The SEC released its Fiscal Year 2014 Agency Financial Report last week. In the document, the SEC details its activities and financial position for the year, and adds insight into the agency’s plan for the new fiscal year. Of $1.4 billion in program costs for the most recent fiscal year (an increase of 8% over the prior fiscal year), the agency’s enforcement program comprised the largest portion at $487 million, with OCIE coming in second at $282 million.
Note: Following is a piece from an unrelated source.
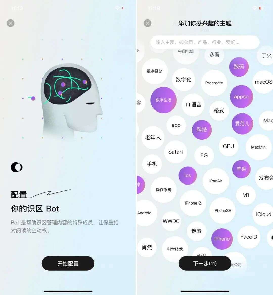 为识区 Bot 配置订阅源时,系统会先询问你感兴趣的主题,并提供发散思路——比如输入「Apple」,界面还会额外显示 3-5 个相关关键词「iPhone」「AirPods」「Apple Watch」等。这种奇妙的做法,一方面能帮助找到更精准细分的资讯内容,另一方面,也为用户提供了无限延伸和联想,能帮助打破信息茧房。
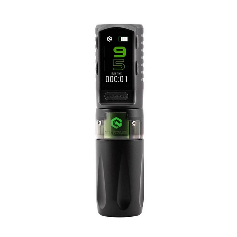 La machine Torque a une toute nouvelle batterie qui est une Critical V3. Elle est dotée d'un écran couleur plus grand et plus intuitif. Pour obtenir pleins de fonctionnalités, ainsi que de mettre la fonction de minuterie, afin de vous aider dans le suivi du temps lors de votre séance de tatouage.

In FY15, the report notes that the Commission will attempt to complete rulemaking required by the Dodd-Frank and JOBS Acts, and then will turn its focus to “discretionary rulemaking in areas of critical importance for investors and other market participants, including asset management, equity and fixed income market structure, and financial infrastructure.” Among the goals for FY15, the report notes that the agency will focus on recommendations regarding a uniform fiduciary standard, a comprehensive rulemaking to improve equity market structure, enhanced fixed income pre-trade transparency, improved mutual fund and ETF information reporting provided to investors and to regulators, mitigation of conflicts of interest in the “issuer pay” model of credit rating agencies, and changes to the regulatory treatment of ETFs and target date funds. The report also noted that “OCIE will make governance and supervision of information technology systems a priority, including operational capability, business continuity planning, and cybersecurity.”

The report also examines the agency’s progress towards its Strategic Plan, Fiscal Years 2014-2018. While the report notes several areas in which the agency exceeded goals, it also reports that the agency fell short of the percentage of investment companies examined in the prior year (10% versus a goal of 12%), and the number of months between opening an investigation and commencing an enforcement action (21 months versus a goal of 20 months).